[[ Data records, beginning ]]

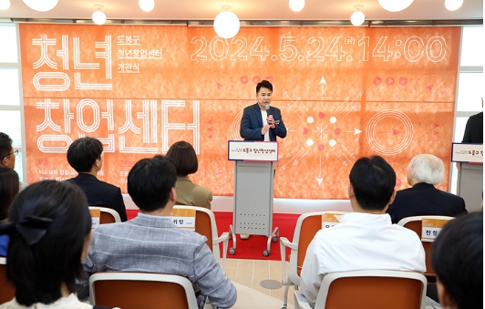 ▲ 오언석 도봉구청장이 지난 5월 24일 열린 도봉구 청년창업센터 개관식에서 축하 인사말을 하고 있다 |
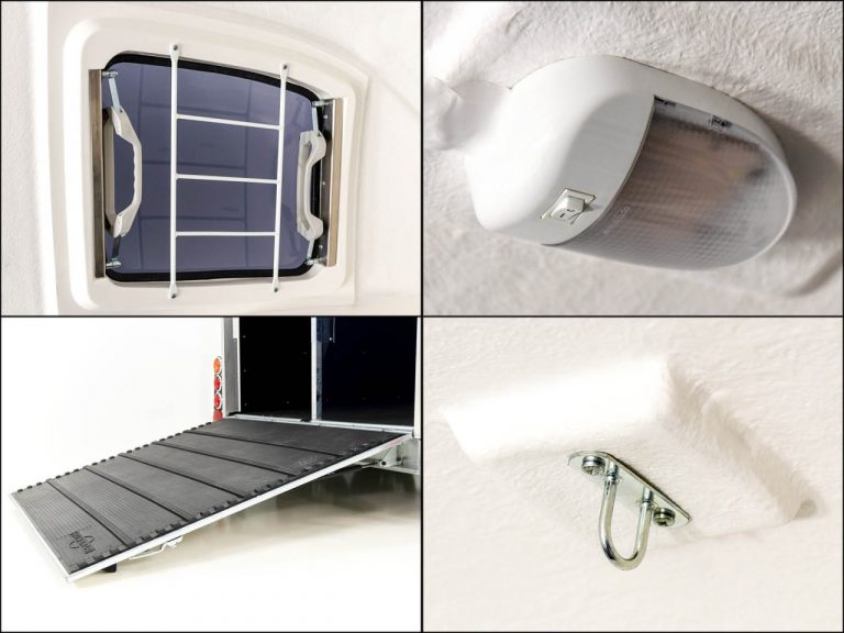 Toujours en avant : grâce à ses vitres avant réglables sur cinq positions, le XANTHOS MAXIMUS est toujours à l’aise. Un déflecteur de vent de série et une trappe de toit en option assurent un aération optimale. Mais le confort n’est pas la seule priorité chez Humbaur : la cloison verrouillable, les parois latérales solides en polypropylène et le profilé de cadre galvanisé à chaud font du XANTHOS MAXIMUS un van à chevaux stable et robuste, répondant aux exigences les plus strictes.
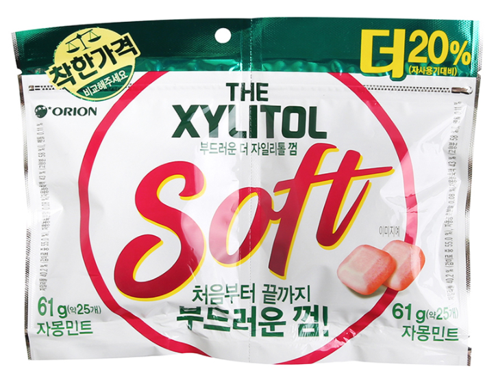 또, 3 가지 맛 자일리톨 껌 제품과 달리 부드럽게 씹힌다.
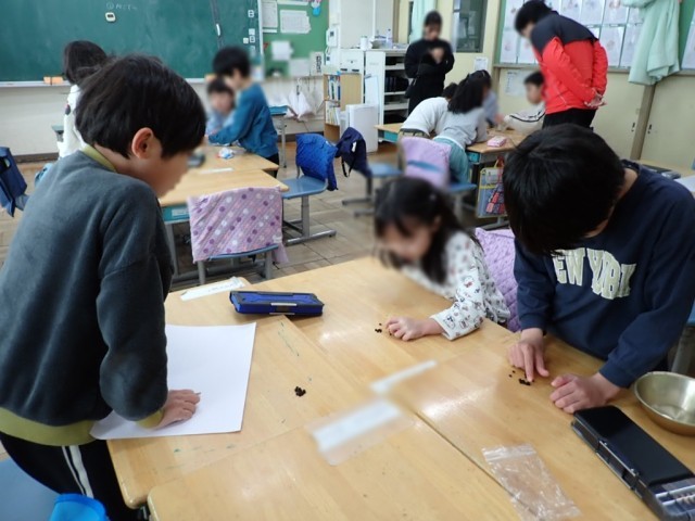 様々な数え方で、班の仲間と協力して、約50個ほどの種を数えることができました。
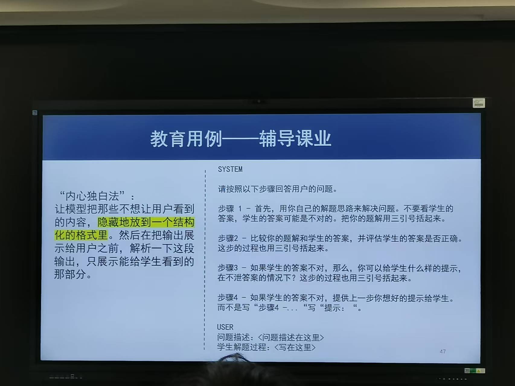 总之,人工智能在课堂的运用一定是未来的发展趋势,利用人工智能驱动的课堂互动工具,教师可以开展多样化的教学活动。例如,通过实时投票、小组讨论等功能,教师可以及时了解学生的学习状态和观点,而人工智能可以对学生的参与度、回答质量等数据进行收集和分析,为教师调整教学策略提供依据,作为新一代的年轻教师,我们还需要进一步的学习和思考。
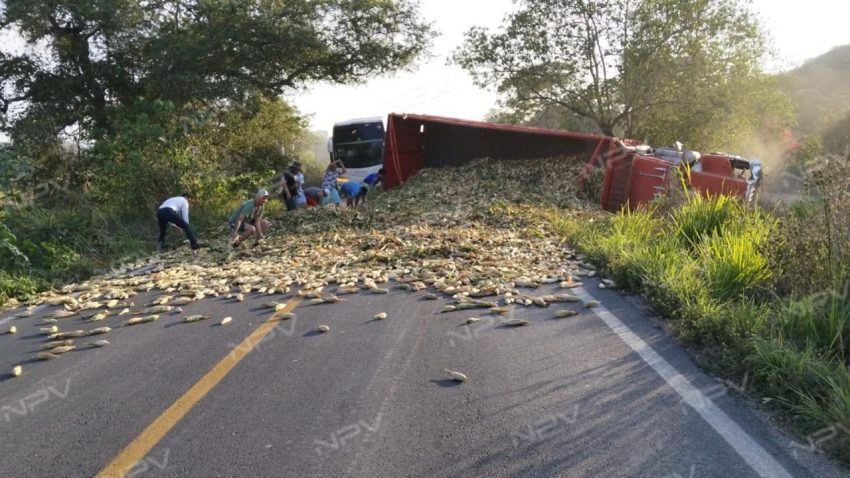 en Volcadura de un torton bloqueó la carretera 200 en El Monteón
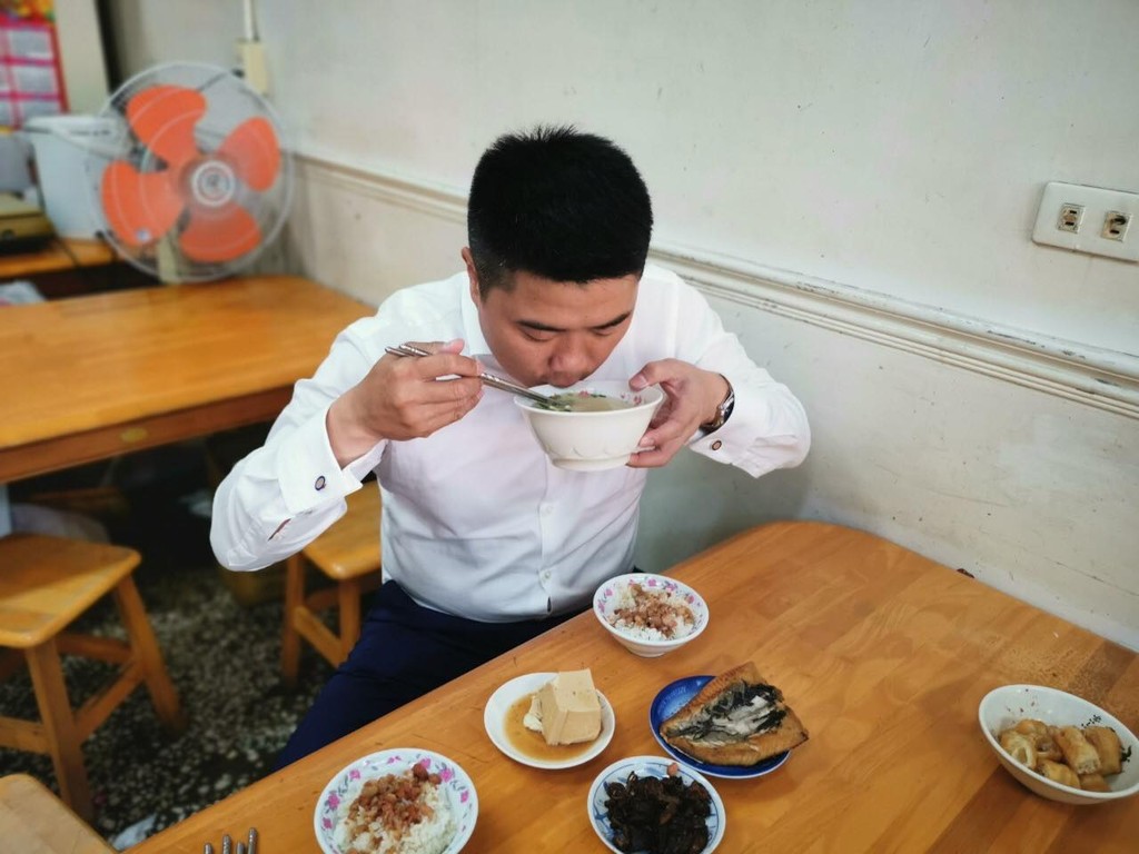 ▲顏寬恒吃魯肉飯配乾煎虱目魚,「吃飽才有力氣工作」。(圖/顏寬恒臉書提供,下同)
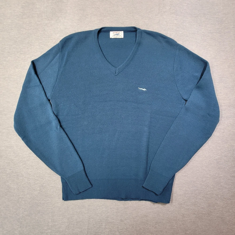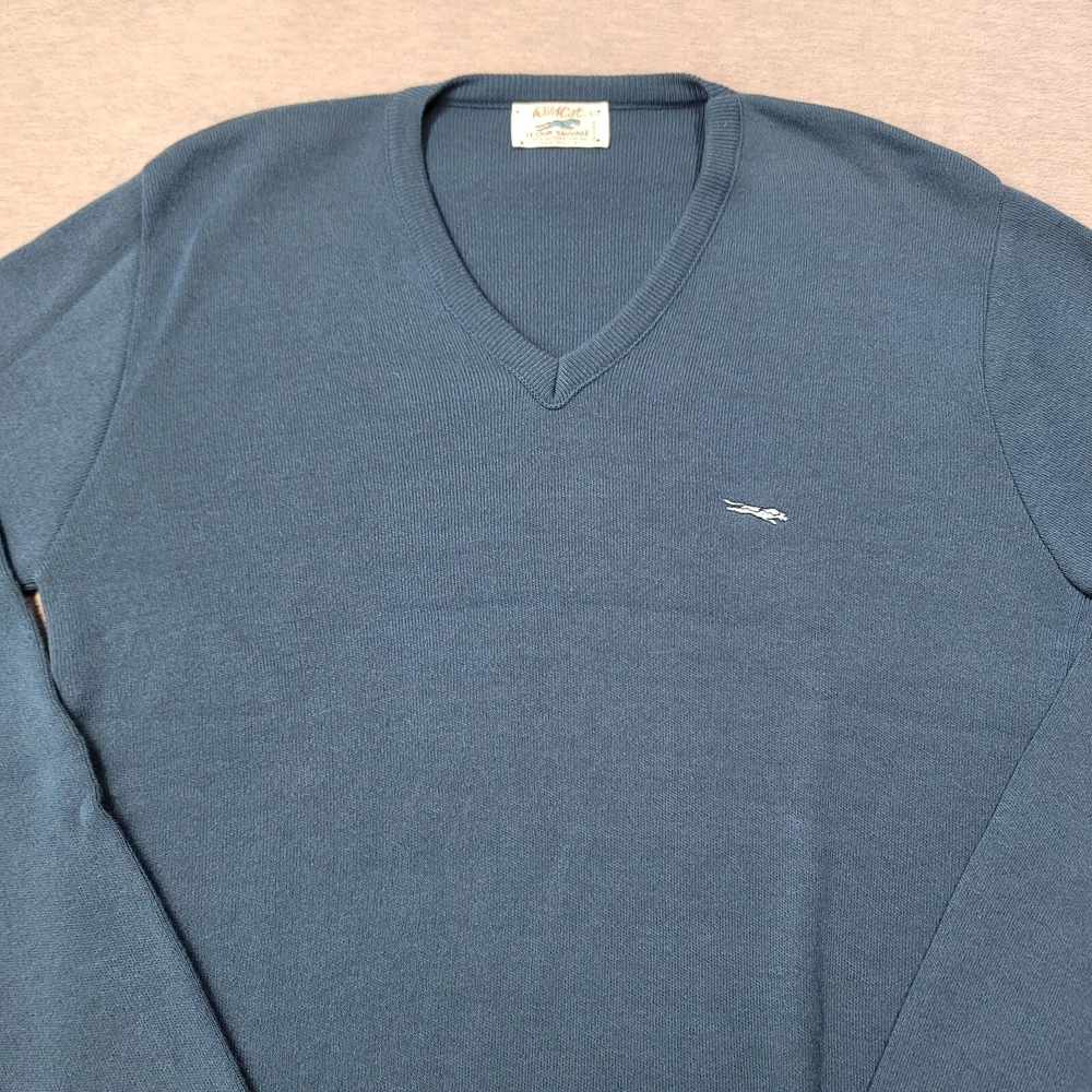 This vintage Wild Cat sweater is a must-have for any fashion-savvy man. Made in the USA, this pullover features a classic fit with a V-neckline and long sleeves. The blue color and solid pattern make it a versatile addition to any wardrobe. Crafted from high-quality cotton knit fabric, this sweater is both comfortable and durable. The Wild Cat logo accents the design, adding a touch of style and sophistication. Perfect for any occasion, this sweater is a timeless piece that will never go out of fashion.
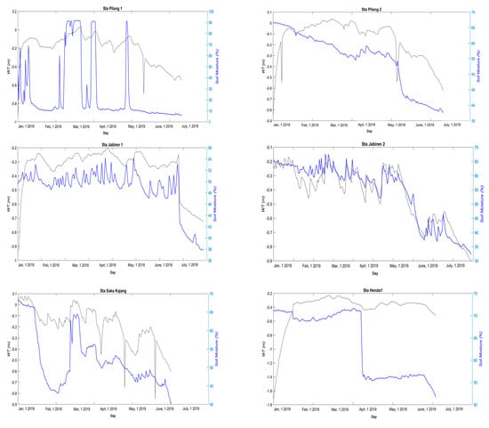 As shown in Figure 7, from Pilang Station 1, it is found that the water table condition was less than 40 cm, starting in June, as well as data from Pilang 2 station. Based on data from Jabiren 1 station, the WT depth condition was also very dynamic and declined in July. At Jabiren 2 station, the WT depth decrease to below 40 cm occurred in early February and continued to deteriorate until July. At Saka Kajang Station, the decrease of WT depth to below 40 cm began in April, although the dynamics were quite high, and the fall was approaching in July.
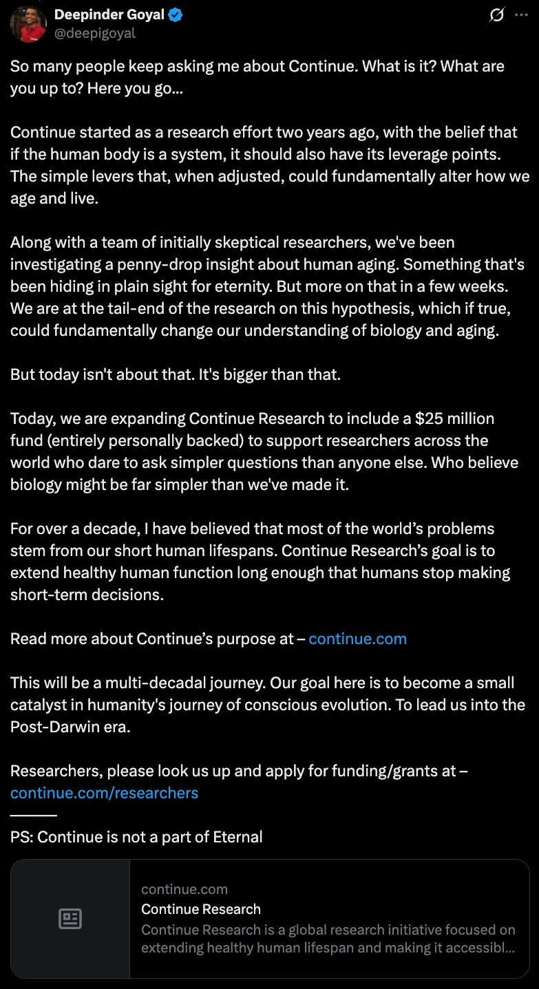 Renowned Indian Entrepreneur Deepinder Goyal Launches 'Continue Research' with a $25 Million Personal Fund to Reimagine Human LongevityContributed by: PR NewswireImagesTagsContinueResearchLaunc

[[ Data records, end ]]

**What you should do**
Give back, exactly as written, the lines from the top of the material above to the line containing "As shown in", both included; skip every picture.

**Completed exercise**
 ▲ 오언석 도봉구청장이 지난 5월 24일 열린 도봉구 청년창업센터 개관식에서 축하 인사말을 하고 있다 |
 Toujours en avant : grâce à ses vitres avant réglables sur cinq positions, le XANTHOS MAXIMUS est toujours à l’aise. Un déflecteur de vent de série et une trappe de toit en option assurent un aération optimale. Mais le confort n’est pas la seule priorité chez Humbaur : la cloison verrouillable, les parois latérales solides en polypropylène et le profilé de cadre galvanisé à chaud font du XANTHOS MAXIMUS un van à chevaux stable et robuste, répondant aux exigences les plus strictes.
 또, 3 가지 맛 자일리톨 껌 제품과 달리 부드럽게 씹힌다.
 様々な数え方で、班の仲間と協力して、約50個ほどの種を数えることができました。
 总之,人工智能在课堂的运用一定是未来的发展趋势,利用人工智能驱动的课堂互动工具,教师可以开展多样化的教学活动。例如,通过实时投票、小组讨论等功能,教师可以及时了解学生的学习状态和观点,而人工智能可以对学生的参与度、回答质量等数据进行收集和分析,为教师调整教学策略提供依据,作为新一代的年轻教师,我们还需要进一步的学习和思考。
 en Volcadura de un torton bloqueó la carretera 200 en El Monteón
 ▲顏寬恒吃魯肉飯配乾煎虱目魚,「吃飽才有力氣工作」。(圖/顏寬恒臉書提供,下同)
 This vintage Wild Cat sweater is a must-have for any fashion-savvy man. Made in the USA, this pullover features a classic fit with a V-neckline and long sleeves. The blue color and solid pattern make it a versatile addition to any wardrobe. Crafted from high-quality cotton knit fabric, this sweater is both comfortable and durable. The Wild Cat logo accents the design, adding a touch of style and sophistication. Perfect for any occasion, this sweater is a timeless piece that will never go out of fashion.
 As shown in Figure 7, from Pilang Station 1, it is found that the water table condition was less than 40 cm, starting in June, as well as data from Pilang 2 station. Based on data from Jabiren 1 station, the WT depth condition was also very dynamic and declined in July. At Jabiren 2 station, the WT depth decrease to below 40 cm occurred in early February and continued to deteriorate until July. At Saka Kajang Station, the decrease of WT depth to below 40 cm began in April, although the dynamics were quite high, and the fall was approaching in July.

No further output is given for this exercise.